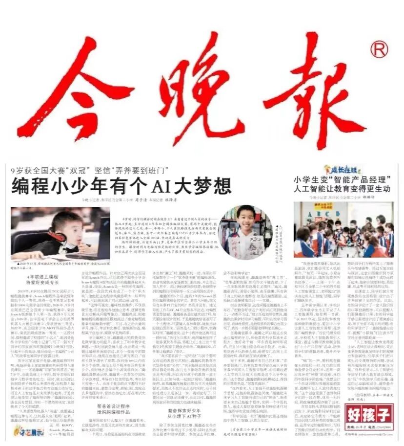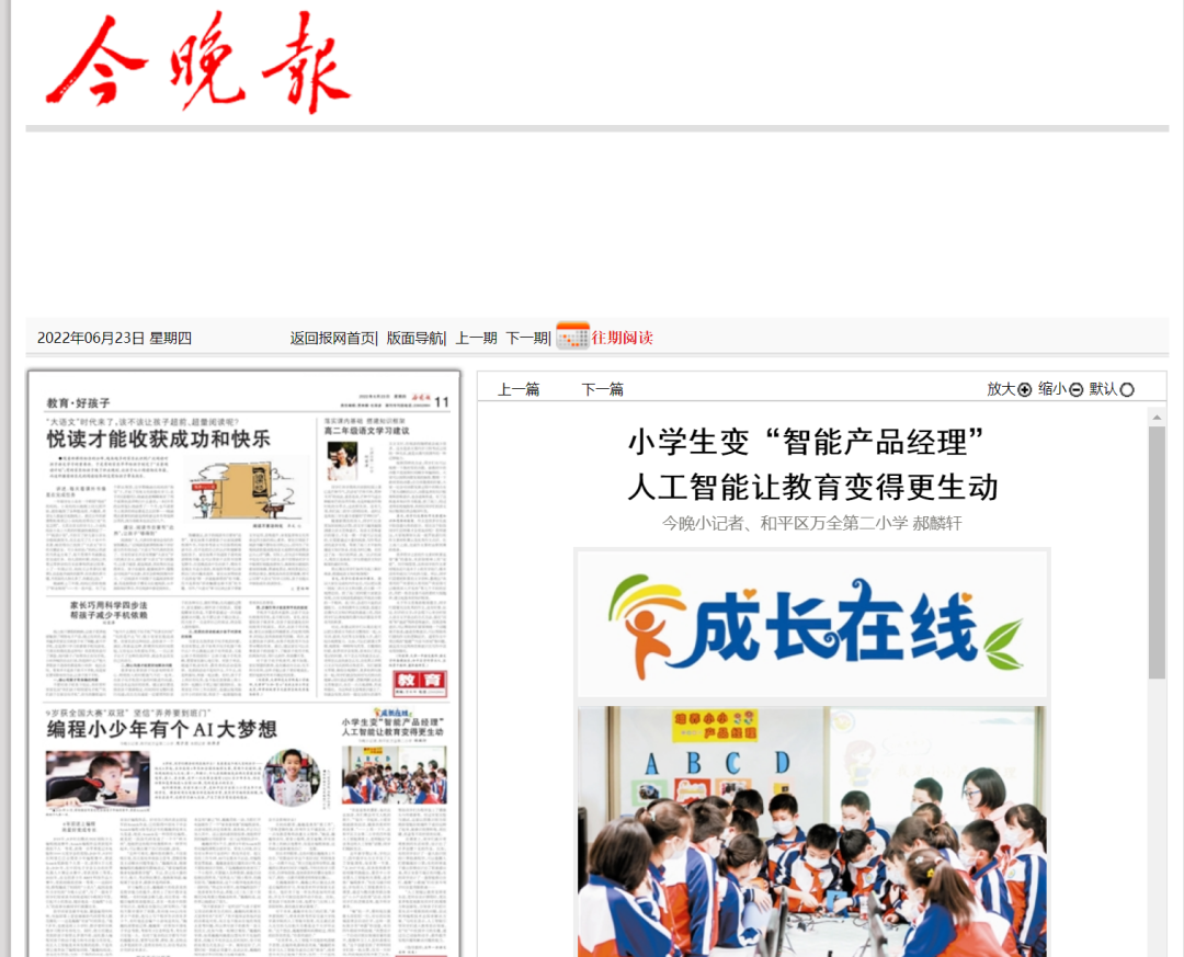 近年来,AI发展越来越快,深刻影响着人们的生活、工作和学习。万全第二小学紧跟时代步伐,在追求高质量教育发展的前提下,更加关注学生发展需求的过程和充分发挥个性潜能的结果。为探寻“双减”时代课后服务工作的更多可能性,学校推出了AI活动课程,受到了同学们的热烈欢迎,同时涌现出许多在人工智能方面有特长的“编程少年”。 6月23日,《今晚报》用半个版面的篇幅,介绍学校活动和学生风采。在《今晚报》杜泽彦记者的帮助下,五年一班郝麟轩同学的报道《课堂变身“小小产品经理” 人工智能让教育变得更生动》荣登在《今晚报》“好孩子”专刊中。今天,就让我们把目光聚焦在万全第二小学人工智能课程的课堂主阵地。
==
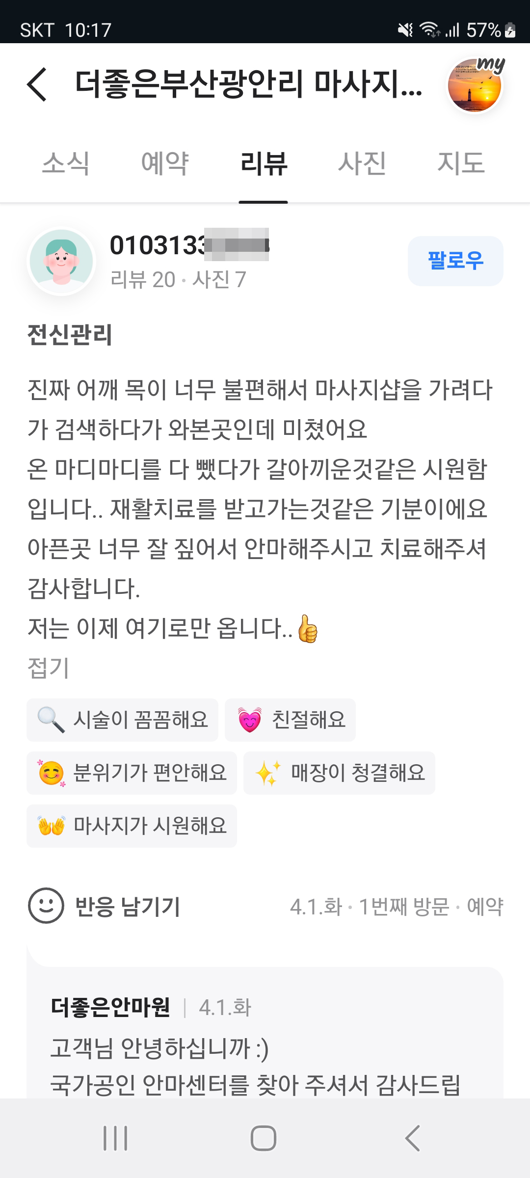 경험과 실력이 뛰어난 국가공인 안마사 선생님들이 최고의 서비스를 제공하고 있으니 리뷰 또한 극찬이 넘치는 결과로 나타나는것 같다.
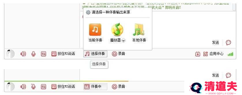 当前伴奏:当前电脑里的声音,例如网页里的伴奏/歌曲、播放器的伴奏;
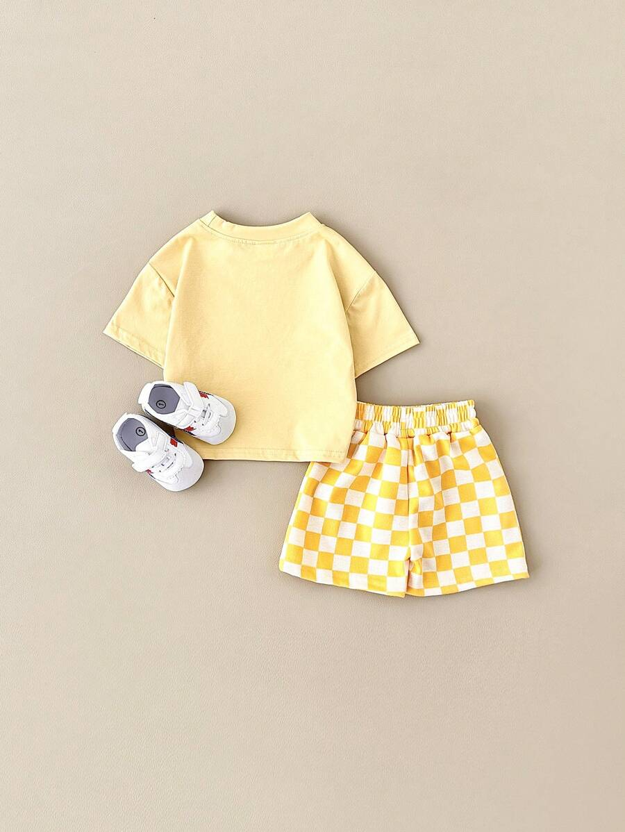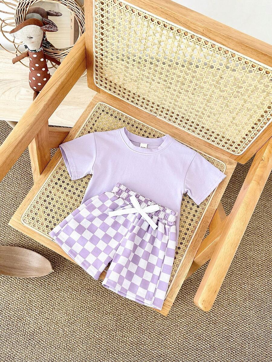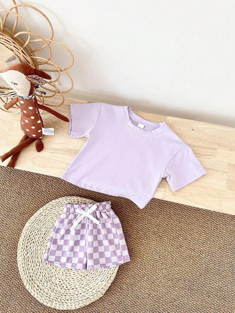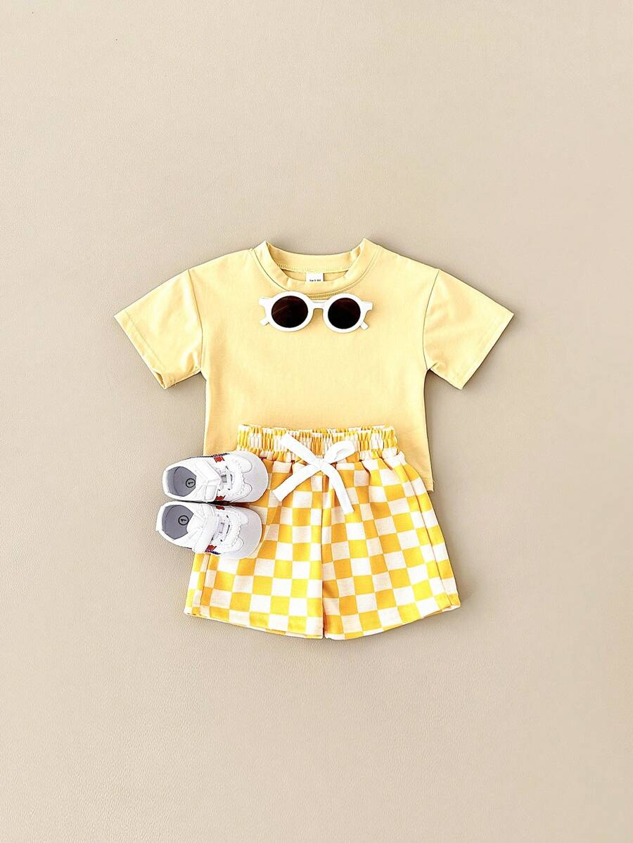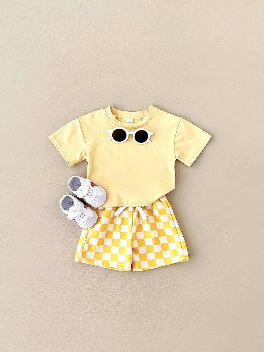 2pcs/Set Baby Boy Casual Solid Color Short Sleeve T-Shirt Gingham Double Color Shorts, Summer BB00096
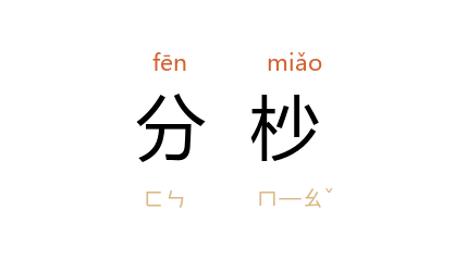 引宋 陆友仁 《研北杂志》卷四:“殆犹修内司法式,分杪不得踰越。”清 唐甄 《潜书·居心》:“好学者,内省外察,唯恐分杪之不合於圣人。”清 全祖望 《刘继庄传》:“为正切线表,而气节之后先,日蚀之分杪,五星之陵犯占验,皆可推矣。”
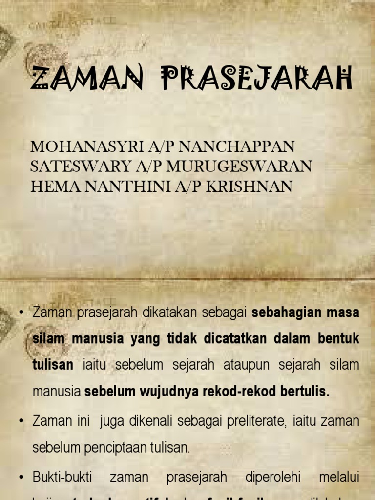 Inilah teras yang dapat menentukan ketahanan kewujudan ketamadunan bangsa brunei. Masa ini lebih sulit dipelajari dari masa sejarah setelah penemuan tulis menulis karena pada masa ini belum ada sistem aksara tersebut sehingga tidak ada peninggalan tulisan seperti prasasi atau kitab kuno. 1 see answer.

What you will do » Above is the material; set down exactly its lines from the one containing "当前伴奏:当前电脑里的声音,例如网页里的伴奏/歌曲、播放器的伴奏;" down to the one containing "Inilah teras yang", both included, leaving out any pictures.

Finished task »
 当前伴奏:当前电脑里的声音,例如网页里的伴奏/歌曲、播放器的伴奏;
 2pcs/Set Baby Boy Casual Solid Color Short Sleeve T-Shirt Gingham Double Color Shorts, Summer BB00096
 引宋 陆友仁 《研北杂志》卷四:“殆犹修内司法式,分杪不得踰越。”清 唐甄 《潜书·居心》:“好学者,内省外察,唯恐分杪之不合於圣人。”清 全祖望 《刘继庄传》:“为正切线表,而气节之后先,日蚀之分杪,五星之陵犯占验,皆可推矣。”
 Inilah teras yang dapat menentukan ketahanan kewujudan ketamadunan bangsa brunei. Masa ini lebih sulit dipelajari dari masa sejarah setelah penemuan tulis menulis karena pada masa ini belum ada sistem aksara tersebut sehingga tidak ada peninggalan tulisan seperti prasasi atau kitab kuno. 1 see answer.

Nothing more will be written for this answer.